>>>

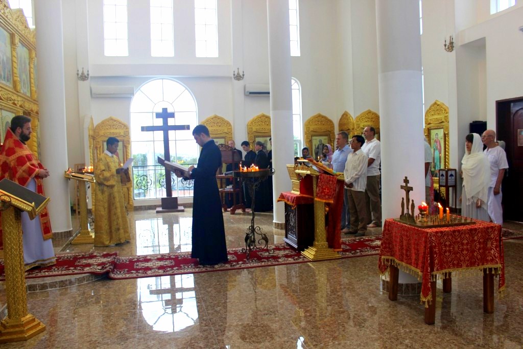 9 августа 2016 г. в храме св. великомученика и целителя Пантелеимона г. Сиануквиля прошли торжества по случаю престольного праздника – дня памяти святого. По благословению Представителя Русской Православной Церкви в регионе архимандрита Олега (Черепанина) и в соответствии с просьбой и.о. настоятеля Пантелеимоновского храма в Сиануквиле иерея Романа Постникова и приходского совета храма, в Камбоджу для возглавления торжеств был направлен иеромонах Паисий (Ипате), проректор Духовного Училища на Пхукете, ранее несший послушание и.о. настоятеля православных приходов в Камбодже, а также хор Свято-Николаевского собора г. Бангкока под управлением регента В. Маршалковского.
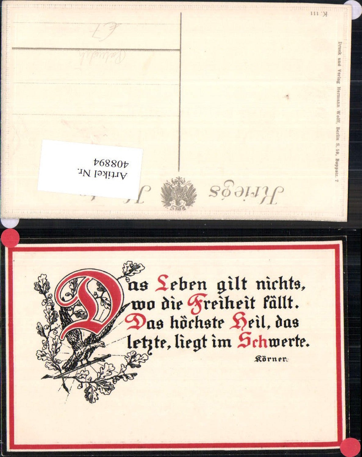 408894,Präge Ak WW1 Körner Adel Text Patriotik Propaganda
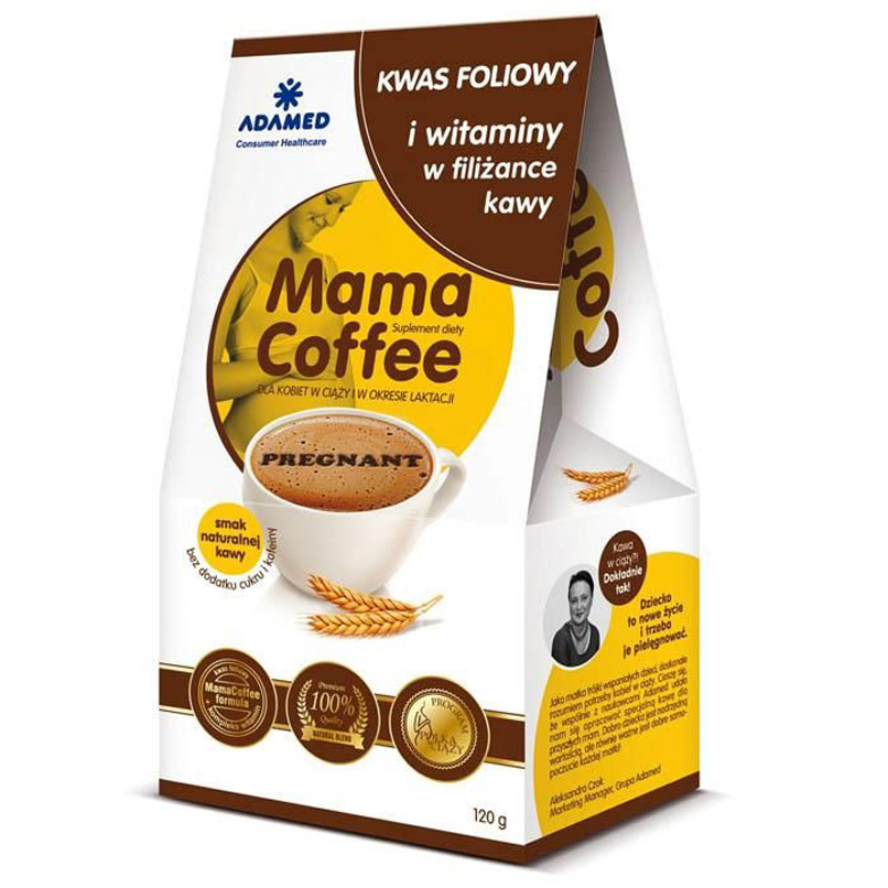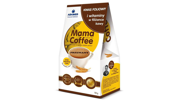 Całe szczęście producenci dbają o troskliwe ciężarne (lub raczej upatrują w nich źródło potencjalnego zyskuJ) i co jakiś czas wypuszczają na rynek różne spożywcze ciekawostki. W jednej z drogerii znalazłam kawę o wiele mówiącej nazwie Mama Coffee.
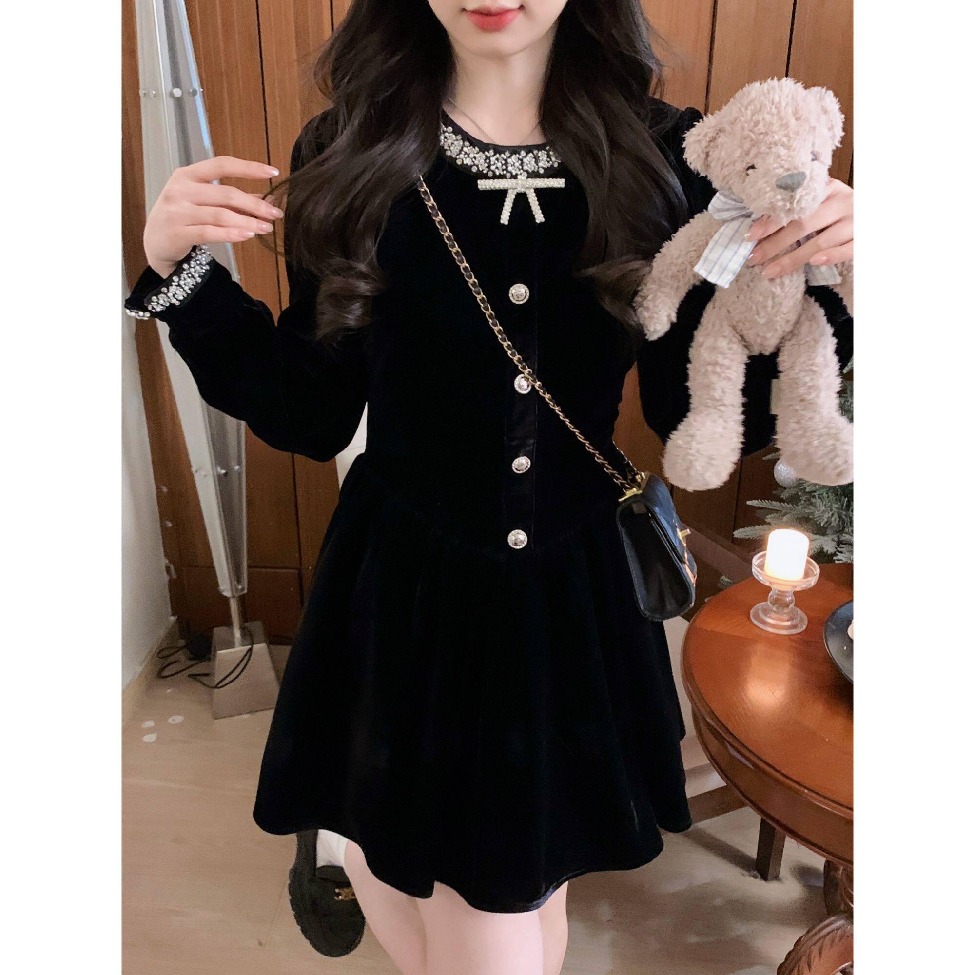 法式名媛小香风气质减龄连衣裙女春秋季新款收腰显瘦小黑裙小个子
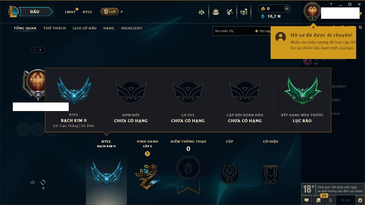 Rank Đơn: Chưa rank mùa nàoKhung: Chưa có khungTướng: 2 - Còn 9000 THXTrang Phục: 0Rank ĐTCL: Bạch Kim IIILinh Thú: 31
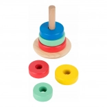 Deti trénujú úchop, skladanie a rovnováhu. Nasadzovanie krúžkov podporuje presnosť pohybov a koordináciu oko–ruka.
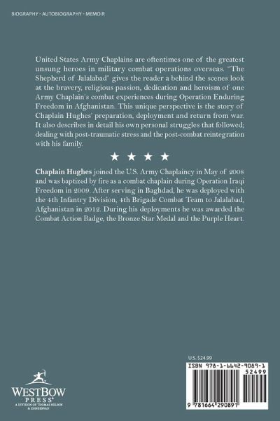 United States Army Chaplains are oftentimes one of the greatest unsung heroes in military combat operations overseas. "The Shepherd of Jalalabad" gives the reader a behind the scenes look at the bravery, religious passion, dedication and heroism of one Army Chaplain's combat experiences during Operation Enduring Freedom in Afghanistan. This unique perspective is the story of Chaplain Hughes' preparation, deployment and return from war. It also describes in detail his own personal struggles that followed; dealing with post-traumatic stress and the post-combat reintegration with his family.
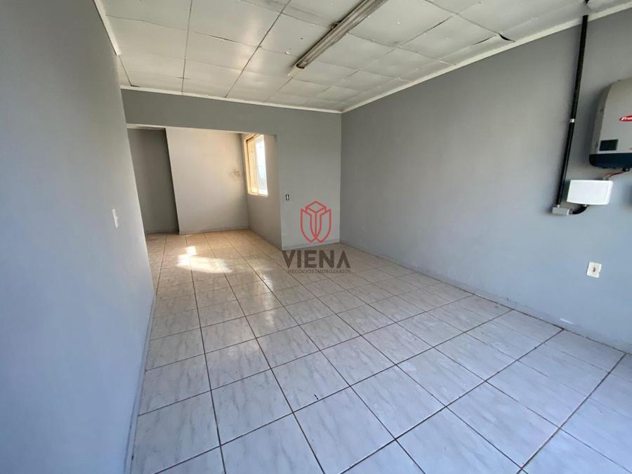 Uma sala grande com banheiro, com frente para rua do Comércio e para rua Pedro Schettert.
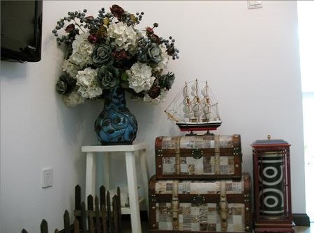客厅的仿古储物箱,地中海风格装饰盘,仿真花。
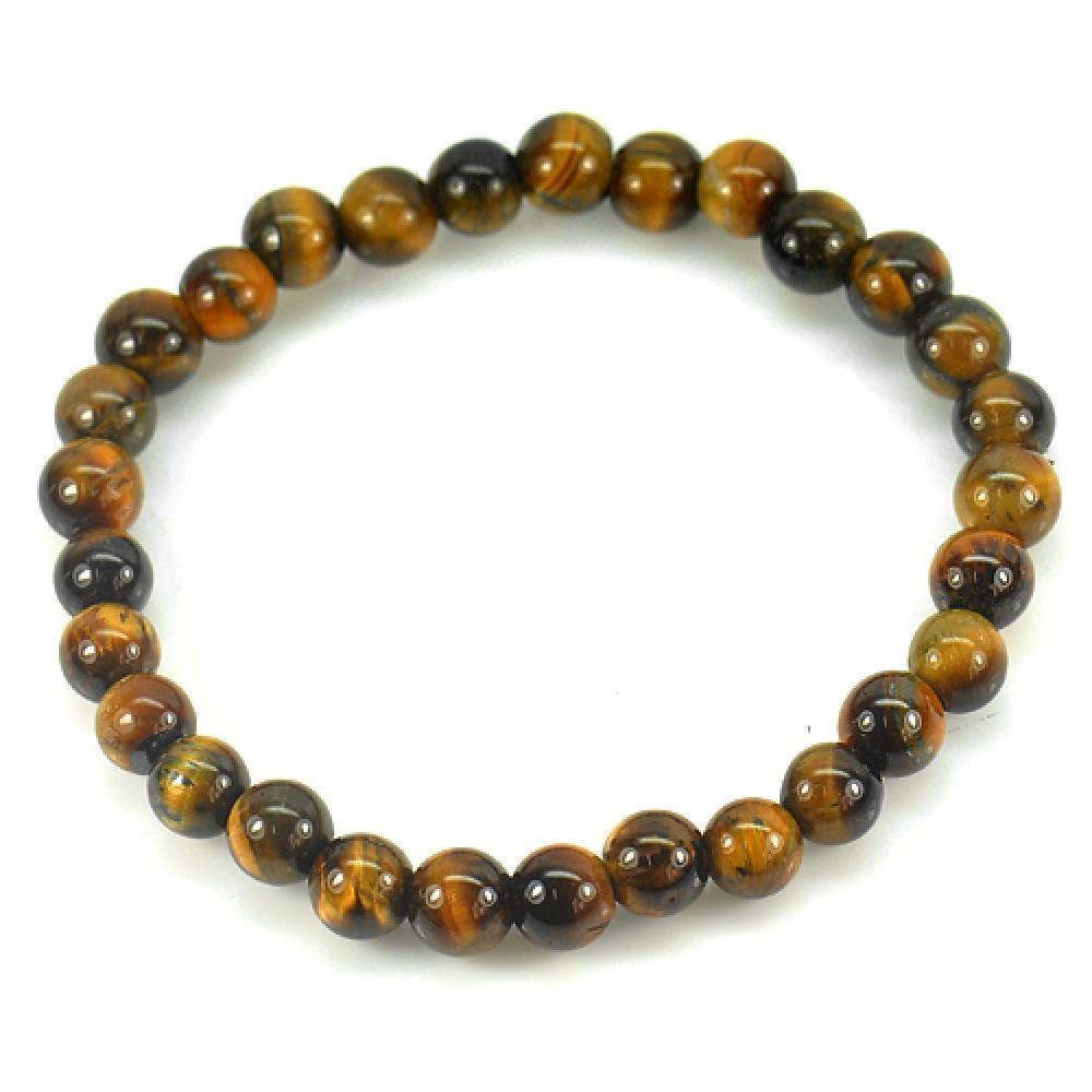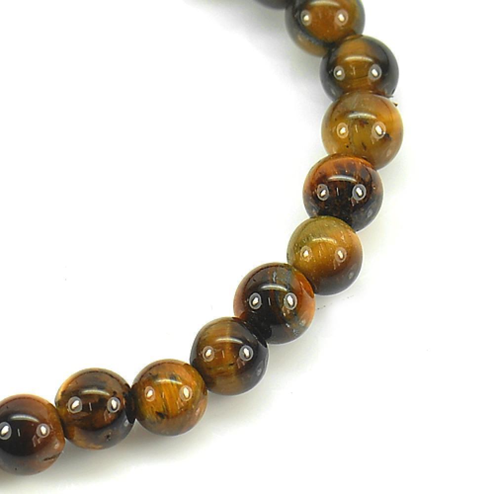 50.34 Ct. Natural Yellow Brown Color Tigers Eye Beads Bracelet Length 7 Inch.
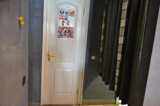 За углом кухня, которая отделена от коридорчика, что ведет в туалет и еще одну комнату, (скорее всего, хоз-назначения) холщовой шторой.

<<<

● **What the task requires**
Please print the material exactly as given above, omitting the pictures.

● **Result of this exercise**
 9 августа 2016 г. в храме св. великомученика и целителя Пантелеимона г. Сиануквиля прошли торжества по случаю престольного праздника – дня памяти святого. По благословению Представителя Русской Православной Церкви в регионе архимандрита Олега (Черепанина) и в соответствии с просьбой и.о. настоятеля Пантелеимоновского храма в Сиануквиле иерея Романа Постникова и приходского совета храма, в Камбоджу для возглавления торжеств был направлен иеромонах Паисий (Ипате), проректор Духовного Училища на Пхукете, ранее несший послушание и.о. настоятеля православных приходов в Камбодже, а также хор Свято-Николаевского собора г. Бангкока под управлением регента В. Маршалковского.
 408894,Präge Ak WW1 Körner Adel Text Patriotik Propaganda
 Całe szczęście producenci dbają o troskliwe ciężarne (lub raczej upatrują w nich źródło potencjalnego zyskuJ) i co jakiś czas wypuszczają na rynek różne spożywcze ciekawostki. W jednej z drogerii znalazłam kawę o wiele mówiącej nazwie Mama Coffee.
 法式名媛小香风气质减龄连衣裙女春秋季新款收腰显瘦小黑裙小个子
 Rank Đơn: Chưa rank mùa nàoKhung: Chưa có khungTướng: 2 - Còn 9000 THXTrang Phục: 0Rank ĐTCL: Bạch Kim IIILinh Thú: 31
 Deti trénujú úchop, skladanie a rovnováhu. Nasadzovanie krúžkov podporuje presnosť pohybov a koordináciu oko–ruka.
 United States Army Chaplains are oftentimes one of the greatest unsung heroes in military combat operations overseas. "The Shepherd of Jalalabad" gives the reader a behind the scenes look at the bravery, religious passion, dedication and heroism of one Army Chaplain's combat experiences during Operation Enduring Freedom in Afghanistan. This unique perspective is the story of Chaplain Hughes' preparation, deployment and return from war. It also describes in detail his own personal struggles that followed; dealing with post-traumatic stress and the post-combat reintegration with his family.
 Uma sala grande com banheiro, com frente para rua do Comércio e para rua Pedro Schettert.
客厅的仿古储物箱,地中海风格装饰盘,仿真花。
 50.34 Ct. Natural Yellow Brown Color Tigers Eye Beads Bracelet Length 7 Inch.
 За углом кухня, которая отделена от коридорчика, что ведет в туалет и еще одну комнату, (скорее всего, хоз-назначения) холщовой шторой.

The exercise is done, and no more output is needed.